ThreadCSO is the second substantive implementation of the Communicating Scala Objects DSL (CSO) designed and built by Bernard Sufrin at Oxford University in 2007 to support the Concurrent Programming course that he taught there between 2004 and 2018, alternating every few years with Gavin Lowe, who with Andrew Bate, made important contributions to the DSL and to the course.
Though there are several more modern programming languages that provide channel-based communication, few provide the low-overhead compositional blend of CSO -- inspired by CSP/occam -- that includes (potentially-guarded and timed) input and output alternations, "upstream" channel closing, straightforward clean network termination, etc.
ThreadCSO is published on GitHub now, with a few small example
programs, in the hope that it may prove useful to someone as a
pedagogical or a practical tool. The folder Lectures
contains
an up-to-date introductory paper based on the 2007 paper, and
the slides for the (relevant) lectures given in 2018. Examples of larger
programs (will) appear elsewhere on GitHub.
The advent of virtual threads removes the need for using the rather
inefficient asynchronous networking provided by java.nio
. We have
therefore developed an alternative, more coherent, collection
of low-level networking components. These appear here in the package io.threadcso.net
,
and supersede the overcomplicated (and unrefined) eieio
that emerged
when asynchronous, event-driven, external I/O seemed to be
important.
With the assistance of M Ahsan Al Mahir we have now made a version of ThreadCSO that can use virtual threads (from jdk20) alongside platform threads. Only minor changes were necessary (the introduction of a new form of executor); and 99% of the API remains unchanged.
These virtual threads provide dramatically enhanced possibilities for channel-based programming since tens or hundreds of thousands of them can be running in the same address space. Inter-process communication performance (between processes running on virtual threads) appears (in our tests) to better by order(s) of magnitude.
First ensure you have exported JAVA_HOME
set to the path of
a jdk that is no earlier than jdk 20
Just run
sbt clean test package
This will compile the source code, and produce a few .jar
files in the target folders of the various modules of threadcso.
A little editing of scripts/configuration.sh
to get the absolute path
bound to the symbol JAVA_HOME
correct for your computer is
now necessary. Running:
sh scripts/sbt-onejar
will construct two jar files that includes all the relevant class files generated by the above sbt command. One has only the library modules in it; the other has the example programs in it.
The former file should be placed on the scala / scalac class path as you
run / compile a scala program that uses the threadcso
library.
If the (rudimentary) tests were passed you can also start a session
with sbt
and run some of the examples directly.
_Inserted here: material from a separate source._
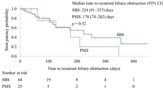 The RBO rates in the SBS and PSIS groups were 32.8% and 28.0%, respectively (p = 0.66). Stent occlusion was the only cause of RBO, and there were no cases of stent migration. The median cumulative TRBO in the effective drainage cases was 224 and 178 days in the SBS and PSIS groups, respectively (p = 0.52) (Figure 2).

Here's an example
of a (two command) session with sbt:
sbt:threadcso> project examples
sbt:examples> runMain Life
You can, of course, prolong the session; edit sources and try running again, etc.
Just adjust the symbol bound to JAVA_HOME
to the path to
your downloaded jdk (which must be jdk 20 or later),
then run
sh scripts/minimalbuildscript
This will, independently of sbt, build a .jar
file that consolidates
all the necessary components to compile and run threadcso
programs,
as well as one containing the compiled examples
.
It will also generate an executable script runexample
that will run
any of the examples mentioned in examples/README.md
, as well as
scripts cso
, and csoc
.
Try one of these:
./runexample Life
./runexample Gravitation w 10 q 4
./runexample Autonomous s 40 i 8
./runexample Life -h
(the last of these shows how to interact with the GUI).
Or if you want to look at the corpse of a deadlocked non-solution to the dining philosophers problem, try:
./runexample Phils
Then, when the program appears to deadlock, use a web browser to connect to the debugger whose port is announced as the program starts.
For further detail see "examples/README.md" and "examples/BOIDSREADME.md"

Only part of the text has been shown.